Sinéad O’Connor passed away on July 26, 2023. She was 56 years old.
No cause of death has been announced. Her family said in a statement, “It is with great sadness that we announce the passing of our beloved Sinéad. Her family and friends are devastated and have requested privacy at this very difficult time.”
She was found in her home “unresponsive” and “pronounced dead at the scene,” according to police.
O’Connor was an Irish musician who started her career in 1987. Her sophomore album I Do Not Want What I Haven’t Got, released in 1990, carried “Nothing Compares 2 U.” It became a hit, becoming one of the best-selling singles in the world that year.

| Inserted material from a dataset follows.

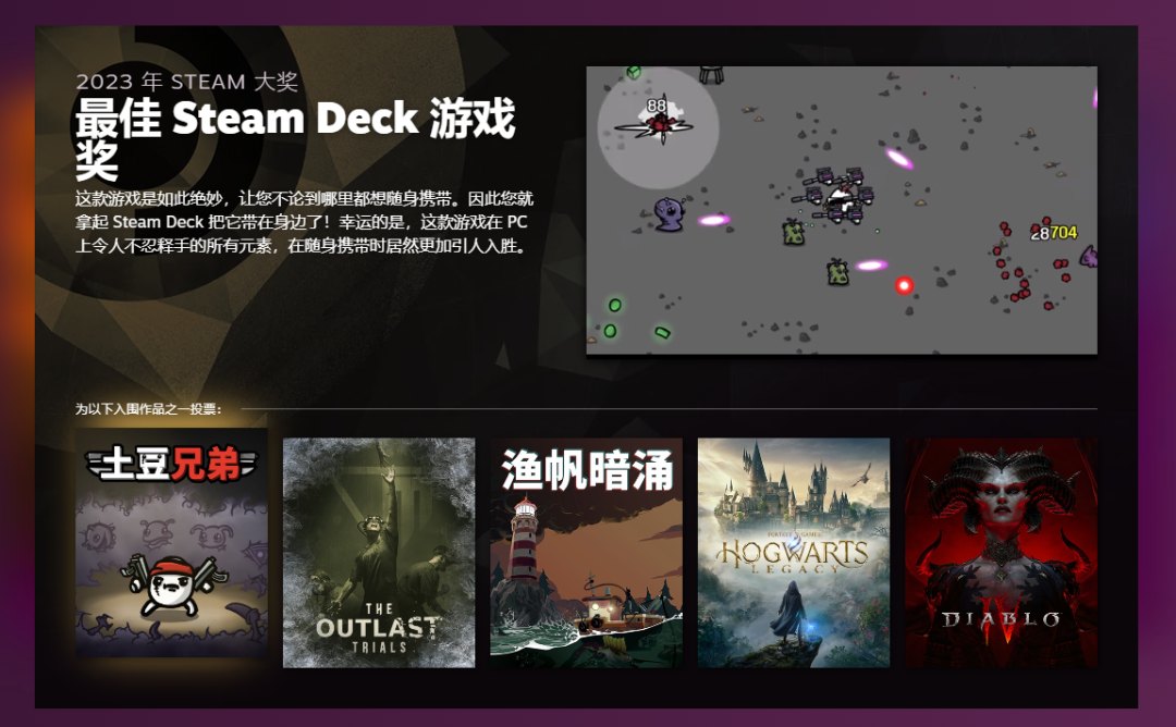 最佳 Steam Deck 游戏奖提名:《土豆兄弟》《逃生:试炼》《渔帆暗涌》《霍格沃茨之遗》《暗黑破坏神4》

The album was nominated for four Grammy Awards in 1991, including Record of the Year, Best Female Pop Vocal Performance, and Best Music Video, Short Form for “Nothing Compares 2 U.” It won Best Alternative Music Performance.
O’Connor, however, did not attend the ceremony to accept her award. Before the event, the singer wrote an open letter to the Recording Academy, writing, “They respect mostly material gain, since that is the main reason for their existence. And they have created a great respect among artists for material gain — by honoring us and exalting us when we achieve it, ignoring for the most part those of us who have not.”
The singer has been vocal about her beliefs.
One of her most career-defining moments is during a 1992 episode of Saturday Night Live, when she was the musical guest. During her performance, she ripped up a picture of Pope John Paul II as a protest against the Catholic Church and child sexual abuse.
This drew widespread condemnation, with some noting that this move derailed her career.
In an interview with the Guardian in 2021, she said, “There was no doubt about who this b**ch is. There was no more mistaking this woman for a pop star. But it was not derailing; people say, ‘Oh you f**ked up your career,’ but they’re talking about the career they had in mind for me. I f**ked up the house in Antigua that the record company dudes wanted to buy. I f**ked up their career, not mine. It meant that I had to make my living playing live, and I am born for live performance.”
Tributes have poured for O’Connor. Morrissey wrote on his website, “You praise her now ONLY because it is too late. You hadn’t the guts to support her when she was alive and she was looking for you.”
He added, “She was a challenge, and she couldn’t be boxed-up, and she had the courage to speak when everyone else stayed safely silent. She was harassed simply for being herself. Her eyes finally closed in search of a soul she could call her own.”